MFTraj: Map-Free, Behavior-Driven Trajectory Prediction for Autonomous Driving
Haicheng Liao, Zhenning Li, Chengyue Wang, Huanming Shen, Bonan Wang, Dongping Liao, Guofa Li, Chengzhong Xu
TL;DR
MFTraj addresses map-free trajectory prediction in autonomous driving by leveraging historical trajectories of the target and nearby agents to forecast future paths without HD maps. It introduces a four-module encoder–decoder architecture comprising a behavior-aware module with a VRNN–GRU-based behavioral encoder, a position-aware module with an LSTM-based encoder, an adaptive structure-aware GCN-based interaction module (coupled with Linformer for efficient attention), and a residual decoder to produce the target trajectory over a horizon $t_f$. The approach emphasizes continuous behavioral attributes via centrality-inspired criteria and dynamic graphs to capture spatio-temporal interactions, achieving robustness under substantial data loss while maintaining competitive accuracy and reduced parameter requirements. Evaluations on Argoverse, NGSIM, HighD, and MoCAD show MFTraj outperforms many state-of-the-art baselines in complete and missing-data scenarios, highlighting its potential to reduce map-dependency and data demands in real-world autonomous driving tasks.
Abstract
This paper introduces a trajectory prediction model tailored for autonomous driving, focusing on capturing complex interactions in dynamic traffic scenarios without reliance on high-definition maps. The model, termed MFTraj, harnesses historical trajectory data combined with a novel dynamic geometric graph-based behavior-aware module.

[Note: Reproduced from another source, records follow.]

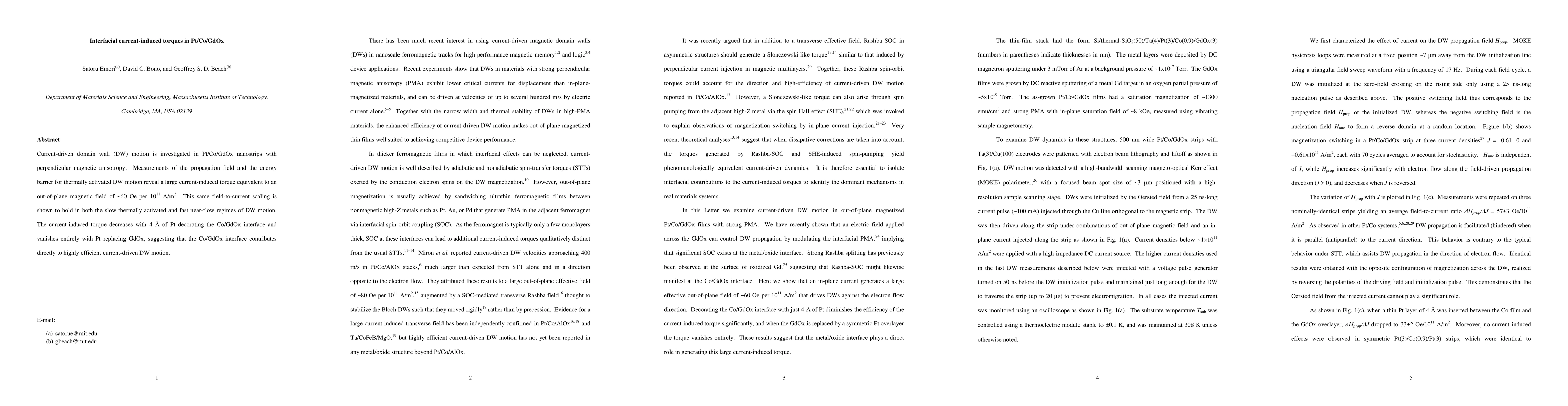 This study investigates current-driven domain wall motion in Pt/Co/GdOx nanostrips, revealing a significant current-induced torque equivalent to an out-of-plane magnetic field of ~60 Oe per 10^11 A/m^2, which persists across different DW motion regimes. The torque diminishes with Pt decoration at the Co/GdOx interface, indicating the interface's role in efficient current-driven domain wall motion.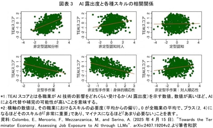 対照的に、「対人順応性」に関わる技能ではAIとの相関が薄く、数値のばらつきも多いことが確認されている。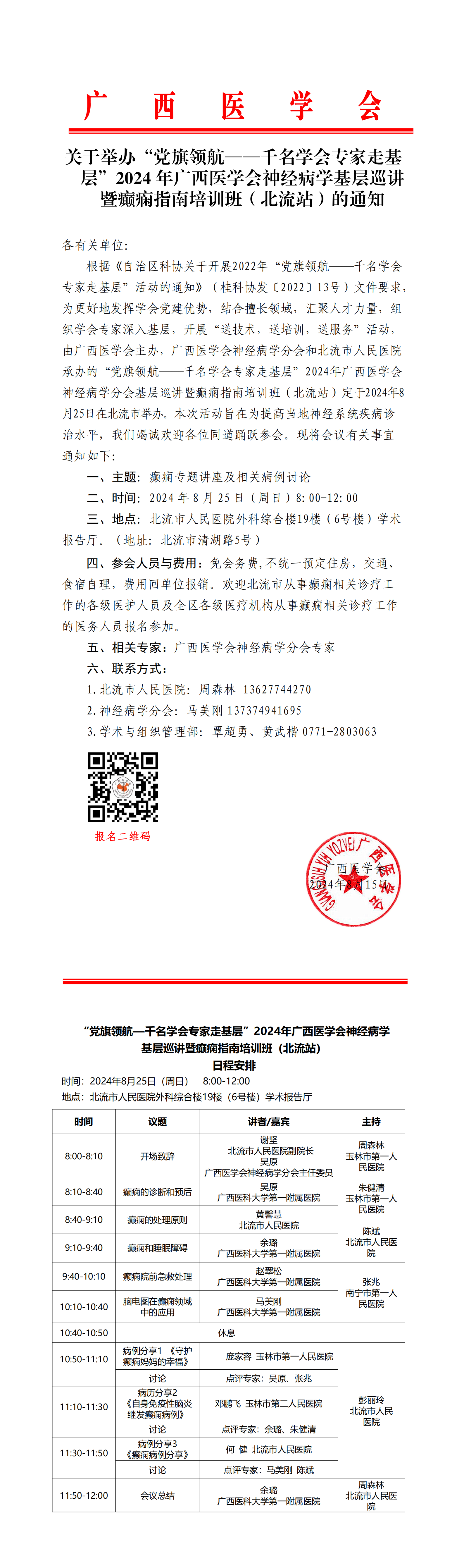 关于举办“党旗领航——千名学会专家走基层”2024年广西医学会神经病学基层巡讲暨癫痫指南培训班(北流站)的通知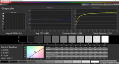 La pantalla ofrece una reproducción de color muy pobre, como revela nuestro análisis con el espectrofotómetro i1Pro 2 de X-Rite y el software CalMAN. Incluso después de la calibración, todavía hay grandes problemas con la saturación. Sin embargo, la calidad general de la imagen no es tan mala, gracias a una alta relación de contraste de 1682:1 y un valor de negro relativamente bajo

At its core, an adaptive structure-aware interactive graph convolutional network captures both positional and behavioral features of road users, preserving spatial-temporal intricacies. Enhanced by a linear attention mechanism, the model achieves computational efficiency and reduced parameter overhead. Evaluations on the Argoverse, NGSIM, HighD, and MoCAD datasets underscore MFTraj's robustness and adaptability, outperforming numerous benchmarks even in data-challenged scenarios without the need for additional information such as HD maps or vectorized maps. Importantly, it maintains competitive performance even in scenarios with substantial missing data, on par with most existing state-of-the-art models. The results and methodology suggest a significant advancement in autonomous driving trajectory prediction, paving the way for safer and more efficient autonomous systems.